Recall Houston in 1996. Notoriously cheap Oilers owner Bud Adams had struck up a deal to take his franchise to Nashville. Houstonians responded by not showing up to home games in the 1996 season, and the Oilers’ average homegame attendance ranked last at 31,825 people. The Astrodome was so empty that fans in the stands could hear conversations on the field.

“The oddsmakers say it's worth three points at home,” Oilers coach Jeff Fisher told The New York Times in 1996. “What I can say is that when half the fans are booing and you lose, you say it has something to do with it—but if you win it has nothing to do with it. I think our fans are frustrated and are not coming out because they know they're going to lose their football team in a couple of years.”

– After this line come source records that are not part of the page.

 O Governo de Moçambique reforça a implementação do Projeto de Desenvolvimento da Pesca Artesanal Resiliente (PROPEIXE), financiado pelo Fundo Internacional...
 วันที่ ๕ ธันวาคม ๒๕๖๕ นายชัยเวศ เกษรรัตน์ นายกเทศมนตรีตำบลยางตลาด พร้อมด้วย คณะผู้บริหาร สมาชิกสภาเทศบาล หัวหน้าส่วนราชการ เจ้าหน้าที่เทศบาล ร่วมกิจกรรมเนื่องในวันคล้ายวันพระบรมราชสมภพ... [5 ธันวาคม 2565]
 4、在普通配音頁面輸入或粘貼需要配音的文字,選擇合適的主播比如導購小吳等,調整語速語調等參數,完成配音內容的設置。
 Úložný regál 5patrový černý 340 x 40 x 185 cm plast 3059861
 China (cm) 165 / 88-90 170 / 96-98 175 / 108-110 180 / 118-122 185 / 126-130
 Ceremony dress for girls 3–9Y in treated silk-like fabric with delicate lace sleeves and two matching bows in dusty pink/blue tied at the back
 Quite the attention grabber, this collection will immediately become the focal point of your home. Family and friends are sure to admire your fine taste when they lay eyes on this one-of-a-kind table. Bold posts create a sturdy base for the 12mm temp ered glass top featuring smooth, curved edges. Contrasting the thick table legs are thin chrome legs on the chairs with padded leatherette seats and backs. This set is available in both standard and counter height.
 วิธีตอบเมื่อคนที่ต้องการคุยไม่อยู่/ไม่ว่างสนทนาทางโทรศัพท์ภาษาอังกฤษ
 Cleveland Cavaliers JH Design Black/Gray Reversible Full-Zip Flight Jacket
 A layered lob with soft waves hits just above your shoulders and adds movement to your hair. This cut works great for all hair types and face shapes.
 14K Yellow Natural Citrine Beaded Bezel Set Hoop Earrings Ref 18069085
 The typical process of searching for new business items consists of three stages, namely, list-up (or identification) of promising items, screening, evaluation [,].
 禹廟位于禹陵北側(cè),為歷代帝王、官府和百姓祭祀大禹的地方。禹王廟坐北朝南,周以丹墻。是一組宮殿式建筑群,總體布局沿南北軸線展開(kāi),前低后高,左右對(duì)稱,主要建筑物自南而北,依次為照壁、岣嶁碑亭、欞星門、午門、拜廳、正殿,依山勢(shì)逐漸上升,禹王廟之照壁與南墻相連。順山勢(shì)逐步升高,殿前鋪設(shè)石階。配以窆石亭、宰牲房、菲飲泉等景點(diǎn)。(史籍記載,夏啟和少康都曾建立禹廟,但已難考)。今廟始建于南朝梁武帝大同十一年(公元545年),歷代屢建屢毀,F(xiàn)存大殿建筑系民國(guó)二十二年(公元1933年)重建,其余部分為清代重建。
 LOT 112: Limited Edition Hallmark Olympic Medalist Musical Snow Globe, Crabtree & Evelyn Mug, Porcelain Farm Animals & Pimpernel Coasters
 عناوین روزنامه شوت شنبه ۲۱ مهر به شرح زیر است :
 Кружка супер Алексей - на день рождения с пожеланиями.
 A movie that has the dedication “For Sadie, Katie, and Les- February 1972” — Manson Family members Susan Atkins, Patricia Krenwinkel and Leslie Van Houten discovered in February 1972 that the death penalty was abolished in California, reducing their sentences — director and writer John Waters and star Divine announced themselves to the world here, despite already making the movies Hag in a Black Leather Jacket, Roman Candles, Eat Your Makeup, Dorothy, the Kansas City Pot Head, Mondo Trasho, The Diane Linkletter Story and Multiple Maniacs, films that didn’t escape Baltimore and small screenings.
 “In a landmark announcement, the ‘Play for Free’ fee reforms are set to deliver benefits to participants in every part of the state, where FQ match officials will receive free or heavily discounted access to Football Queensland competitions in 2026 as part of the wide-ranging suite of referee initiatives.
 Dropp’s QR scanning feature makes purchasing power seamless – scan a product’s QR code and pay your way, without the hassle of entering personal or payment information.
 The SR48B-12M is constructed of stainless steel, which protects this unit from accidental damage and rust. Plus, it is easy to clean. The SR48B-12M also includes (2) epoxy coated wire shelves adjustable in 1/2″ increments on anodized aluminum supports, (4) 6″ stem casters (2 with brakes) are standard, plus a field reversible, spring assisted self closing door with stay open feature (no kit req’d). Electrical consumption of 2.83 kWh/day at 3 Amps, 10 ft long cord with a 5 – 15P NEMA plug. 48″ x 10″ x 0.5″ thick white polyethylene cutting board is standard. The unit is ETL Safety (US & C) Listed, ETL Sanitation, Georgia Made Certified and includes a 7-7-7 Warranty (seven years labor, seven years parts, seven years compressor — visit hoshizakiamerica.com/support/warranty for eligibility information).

Is that scenario possible with the rabid Oakland fans? Maybe not, but Davis can’t take that chance. Admitting to tanking means you aren’t Committed To Winning™. What fan wants to buy in to a team that doesn’t put winning above all else?

And Davis needs fans to literally buy in: Visit the website of the stadium for the Las Vegas Raiders, the team sure to be built in Gruden’s image with a bevy of draft picks in 2019 and ’20. Scroll the home page and you’ll be directed to PLACE A DEPOSIT seven (SEVEN!) times to secure your personal seat license for your spot in the desert.

That $100 million contract isn’t going to pay for itself.